Why do mothers always have to spoil all the fun for all the kids?

“Red lights-green lights” was my favorite game to watch.

In this game, one kid, designated as “it” plays the role of a stop light. The kids line up at a certain distance from “it”, who, facing away from them, suddenly turns around and shouts “green lights!”. In that moment, the kids start frantically skating as quickly as possible toward “it”. But they must not go too fast and they must pay really good attention to “it” because if they move too fast, they will not be able to freeze quickly enough after “it” suddenly changes his mind and shouts “red lights”.

If you are caught moving on “red lights”, you must go all the way back to the starting line.

Life is just another version of the “red lights-green lights” game. When you are almost at the point where you should claim your just rewards, somebody calls “red lights”, and you have to go all the way back to the starting line.

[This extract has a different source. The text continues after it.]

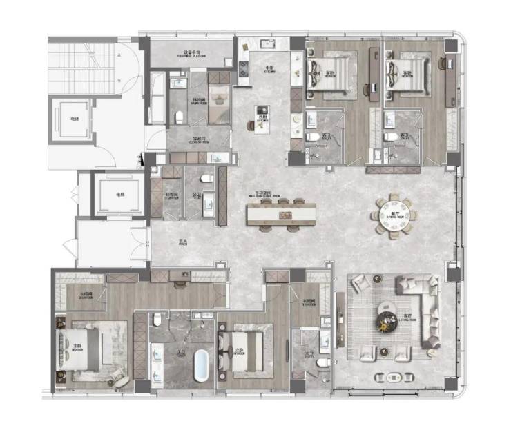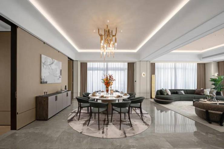 梁志天&上海世尊共同执笔:410㎡湾潮户型:WSD上海世尊团队执笔,以独一无二的“摩登东方”设计语言,抽象提取东方写意精神,与复古摩登、自由艺术平衡相融,领潮钱湾黄金时代。
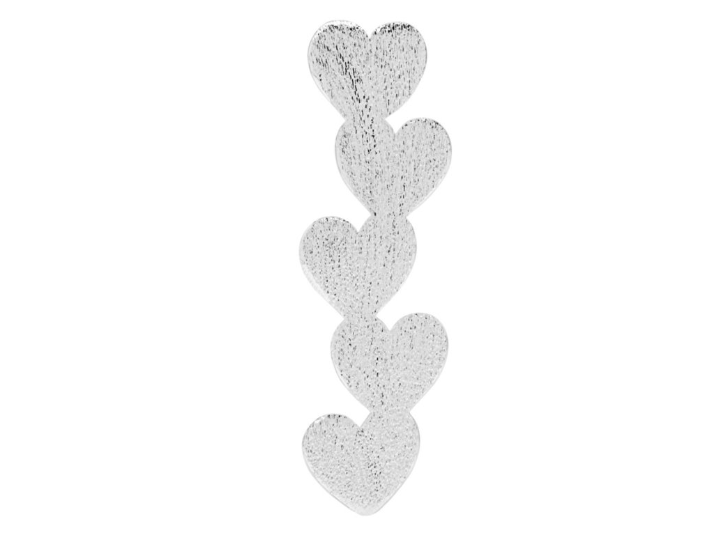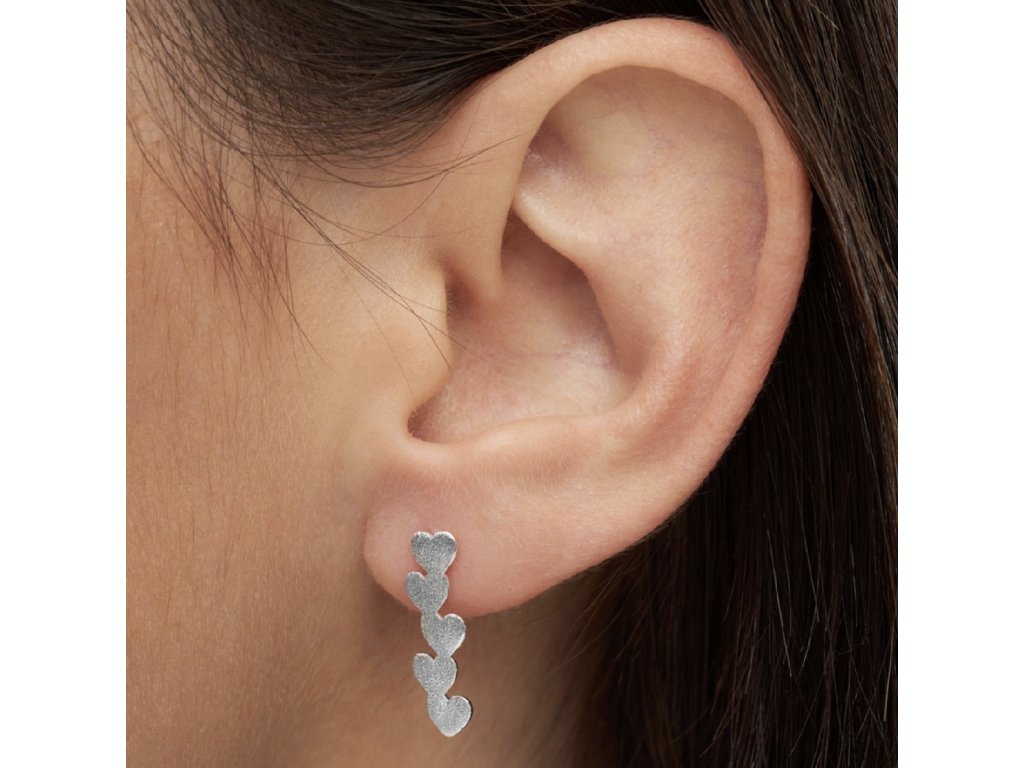 Velmi elegantní náušnice, která se hodí i na párty nebo do divadla. Skvělá bude například k černému outfitu. Ale pokud budete mít chuť rozzářit svůj den, hodí se prostě ke všemu. Tahle spojená srdíčka je kusová náušnice v minimalistickém skandinávském designu. Matný broušený povrch jí dává nádech luxusu a nenucenosti.

The translation business is like this too. Nothing is certain in this business. We never know when “it” will change its mind and send us all the way back to the starting line when we were almost at the finish line.

Just like in any other business, “it” has different forms also in the translation business. It can have the form of new technology that supposedly works so well that it can “almost” replace translator’s brain. Or the form of competition from third world countries where human translators are willing to work for so little that their counterparts who live overseas cannot possibly compete with them on price, only on that sometime invisible standard called “quality”.

After Wall Street shouted “red lights” when its fraudulent scheme finally became public knowledge, my business started gradually decreasing and so far it has not reached the almost vertiginous levels of 2007 and 2008.

I believe that the same levels will be reached and exceed again, even if I am caught by “it” moving when I should have been frozen in place.

“Winning isn’t everything …. it’s the only thing” is a popular saying in this country. But is it really true?

The kids who are sent by “it” back to the starting line in the “red lights – green lights” game never protest or argue with “it”. They always go back and continue enjoying the game even though the chance that they might still win has just been greatly diminished.

Maybe they understand something that grownups have forgotten: namely that enjoying the game is in fact much more important than winning … because it’s all just a game anyway.

When you win the “red lights – green lights” game, you become “it” and you then get to play the same game slightly differently: by sending other children back to the starting line, which must be fun too.

Unlike most adults who keep complaining and arguing incessantly about the injustices of this world, children understand that it is all just a game and that the only thing that really matters is whether we are still able to enjoy it.